Шрифт:
Закладка:
Маррета отечески улыбнулся, а позади него еще мягче заулыбался третий собеседник — старичок.
— Мы как раз говорили о тебе… — обратился к Орасио Маррета. — Вот дядя Паредес, которого уволили…
Старичок протянул Орасио руку. Кроткая улыбка озаряла его лицо.
Орасио взволнованно пожал руку Паредеса. Он не знал, что сказать, не находил нужных слов.
— Я не виноват в том, что с вами произошло…
Паредес продолжал смиренно улыбаться.
— Я понимаю… Я давно ожидал, что так случится. У всех у нас один путь… Мне, конечно, очень трудно: хозяйка моя ничего не видит, даже у себя под носом… Не зарабатывает ни винтема… Старость… Но, если угодно господу, пусть будет так…
— Вот ты не хотел иметь детей… — заметил Трамагал. — А сейчас они бы тебе помогали.
— Очень хорошо, что господь не дал мне детей! Семейным еще тяжелее. — Паредес перестал улыбаться и печально посмотрел на Орасио: — Самое плохое то, что я не знаю, чем заполнить время. Привык я к работе! Теперь кажется — день никогда не кончится. Поэтому и вышел на дорогу… Чувствуешь себя как-то глупо… Руки мешают… Я бы сейчас взялся за любую работу… даже задаром…
— Ты просто герой! А мне бы хотелось побездельничать… Но только чтобы на столе была еда и питье! — Засмеялся Трамагал и начал рассказывать, как он хорошо погулял, когда на базаре в Ковильяне нашел бумажку в сто эскудо…
Когда он кончил, Рикардо стал прощаться:
— Уже поздно. А мне еще далеко ковылять…
Остальные тоже распрощались с Паредесом.
— Не думай больше об этом, парень! — сказал старик. — Не ты, так другой…
— Если надо будет чем-нибудь помочь… рассчитывайте на меня! — взволнованно ответил Орасио.
— Хорошо… Хорошо… Спасибо! — И Паредес зашагал к Ковильяну.
Остальные смотрели вслед старику, пока он не исчез в ветреных холодных сумерках. Потом молча пошли в противоположную сторону.
II
Спустя месяц Педро и Сампайо признали Орасио достаточно подготовленным, чтобы стать прядильщиком. Он научился заправлять бабины с ровницей, поднимать вытяжной механизм, присоединять к веретенам новые нити, а при обрыве присучивал нить так же быстро и ловко, как это делали опытные рабочие. Однажды утром Сампайо сообщил Матеусу об успехах ученика. Мастер выслушал его и ничего не сказал…
На фабрике знали, что Матеус покровительствует Орасио. Поэтому другие ученики, подростки четырнадцати-пятнадцати лет, были уверены, что вскоре Орасио станет прядильщиком. Но дни шли, а он все оставался учеником.

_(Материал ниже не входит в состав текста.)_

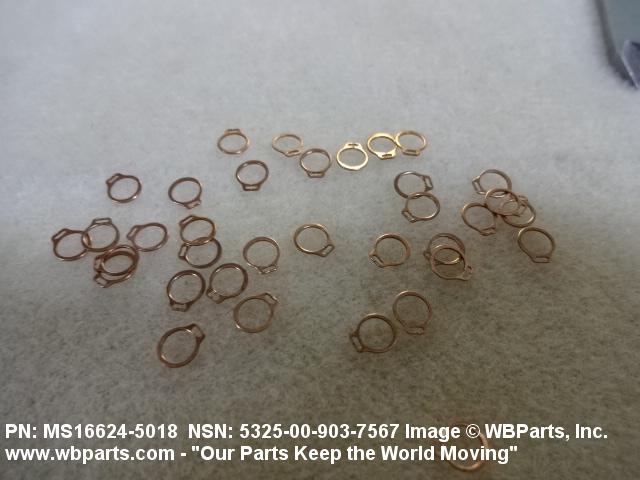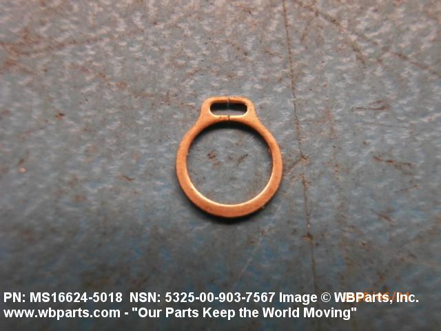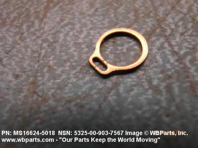 5325-00-903-7567 A resilient metal item, circular or nearly circular, which is designed to be inserted into an internal or external groove and retained by its own spring action, or it may have external prongs or projections designed to be inserted into a hole and retained by spring action of the prongs which grip by imbedding into the material. For items having internal prongs which perform the same function, see PUSH ON NUT. It is used to keep and/or lock a part(s) in position, as a ball bearing on a shaft or in a housing. See also CLIP, RETAINING and PIN, LOCK. Excludes RING, CONNECTING, ROUND.
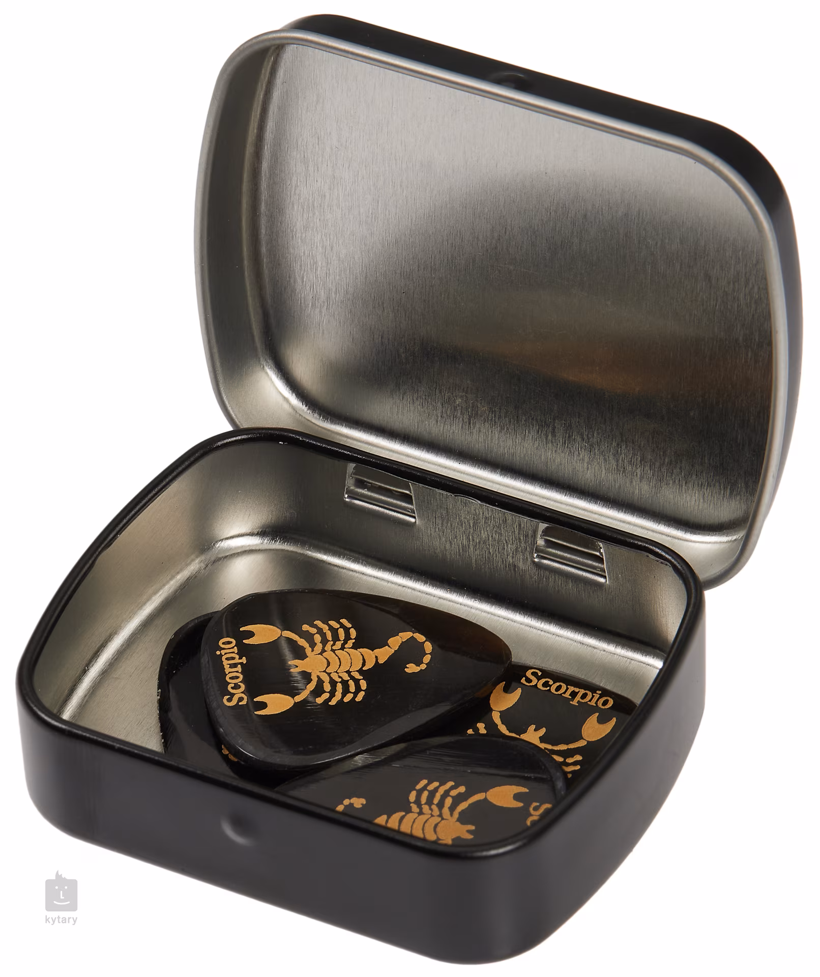Set mit vier Skorpion-Plektren in einer praktischen Blechdose.
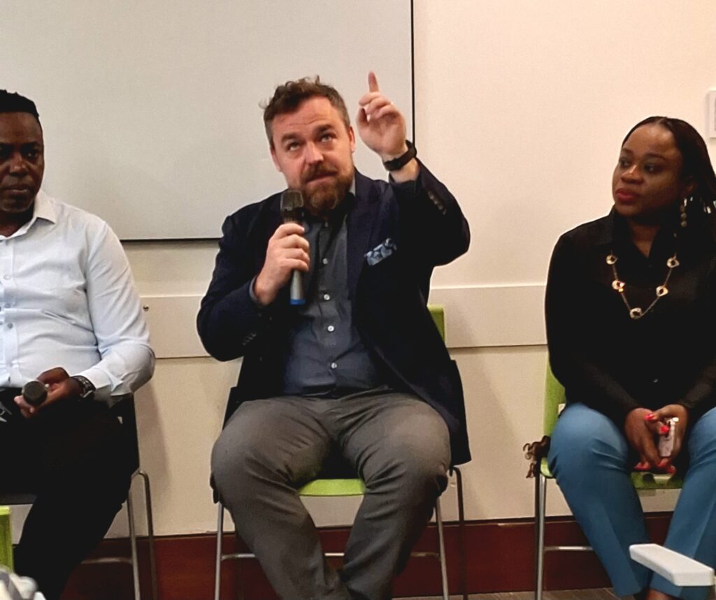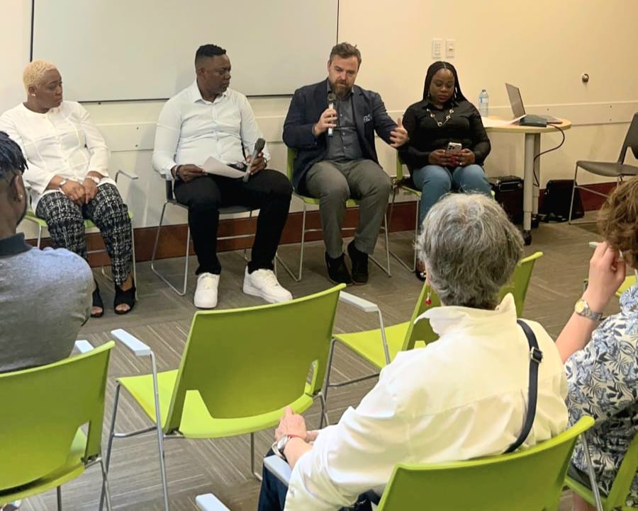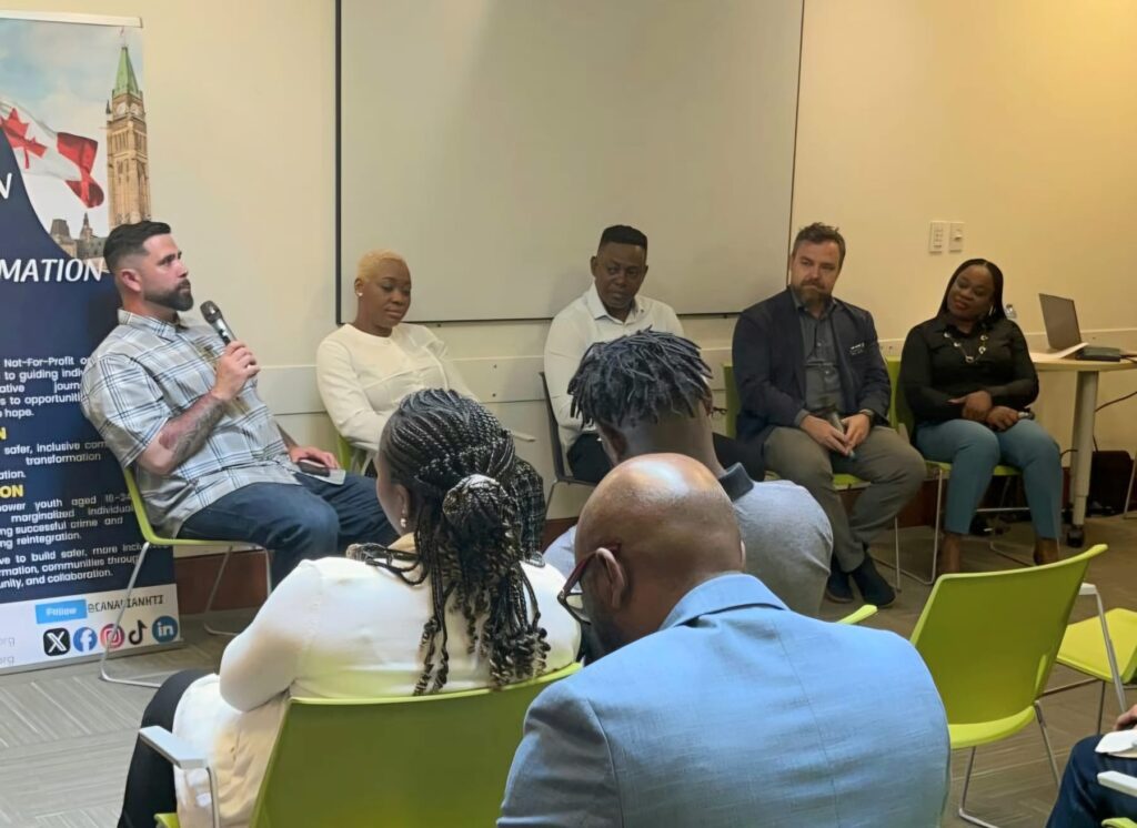 Speakers and participants at the 2025 Hope Conference, held May 17 at the Ottawa Public Library – Beaverbrook Branch, Kanata. Themed “Redefining Safety: Community-Led Solutions”, the event featured Emmanuel Tobi (Founder/COO, CHTI) with panelists Geoff Haskell (Criminal Defence Lawyer), Temi Sam (CEO, CodeHer), Chris Draper (CHTI Board Member), and Ifeoma Okonji (Founder, Emerging Lives Initiative)
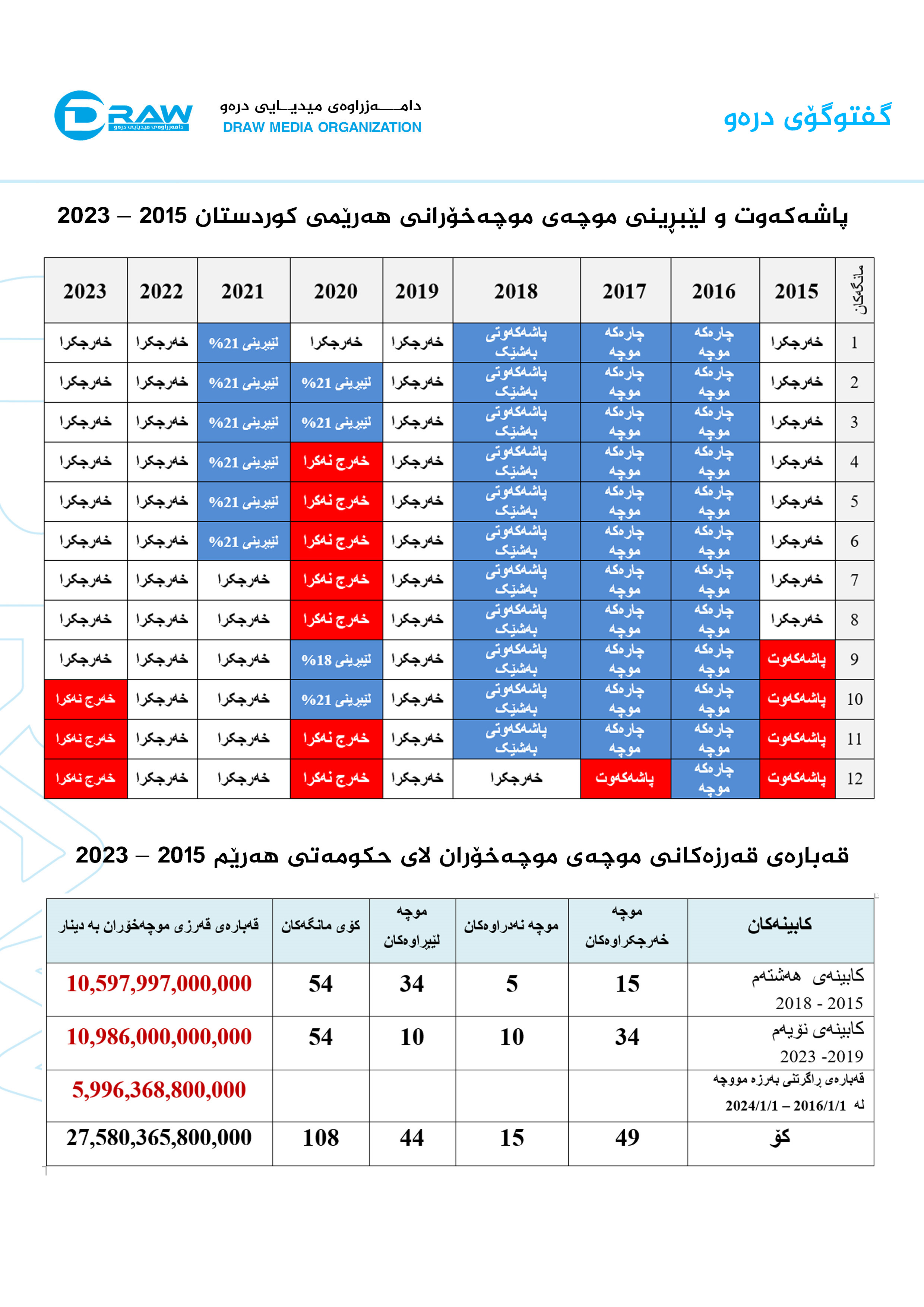 حكومەی هەرێمی كوردستان: 27ترلیۆن و 580ملیارو 365ملیۆن دینار قەرزاری موخۆرانە
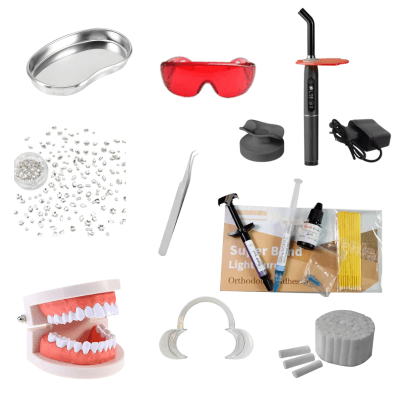 Découvrez le kit complet de strass dentaire, idéal pour débutants et professionnels. Il contient tout le nécessaire : lampe de polymérisation, dentier d’entraînement, strass, accessoires et protections pour des poses précises et sécurisées.

— Дело в том, что сейчас нет свободного места, — сказал ему Мануэл Пейшото, которого Орасио просил еще раз поговорить с Матеусом. — Наберись терпения; наверное, надолго дело не затянется. Если тебя переведут в прядильщики даже через год — это будет большой удачей, ведь обычно ученики ждут несколько лет…
Орасио понимал, что нужно потерпеть, но все-таки расстроился… В конце месяца он заплатил хозяйке полтораста эскудо за койку и еду, но Жулия заявила, что ошиблась в расчетах и оказалась в убытке. «Уговор дороже денег, — сказала она, — за этот месяц я прибавки не прошу. Но впредь не смогу кормить вас и предоставлять ночлег дешевле, чем за пятьдесят эскудо в неделю». Удивленный, он помедлил с ответом. Затем напомнил Жулии, что зарабатывает всего девять эскудо в день — и это самое большое жалованье, какое может получать ученик. Если он будет платить ей пятьдесят эскудо в неделю, у него останется только четыре эскудо на все остальные расходы, а этого мало даже на сигареты. На что ж он будет одеваться и обуваться?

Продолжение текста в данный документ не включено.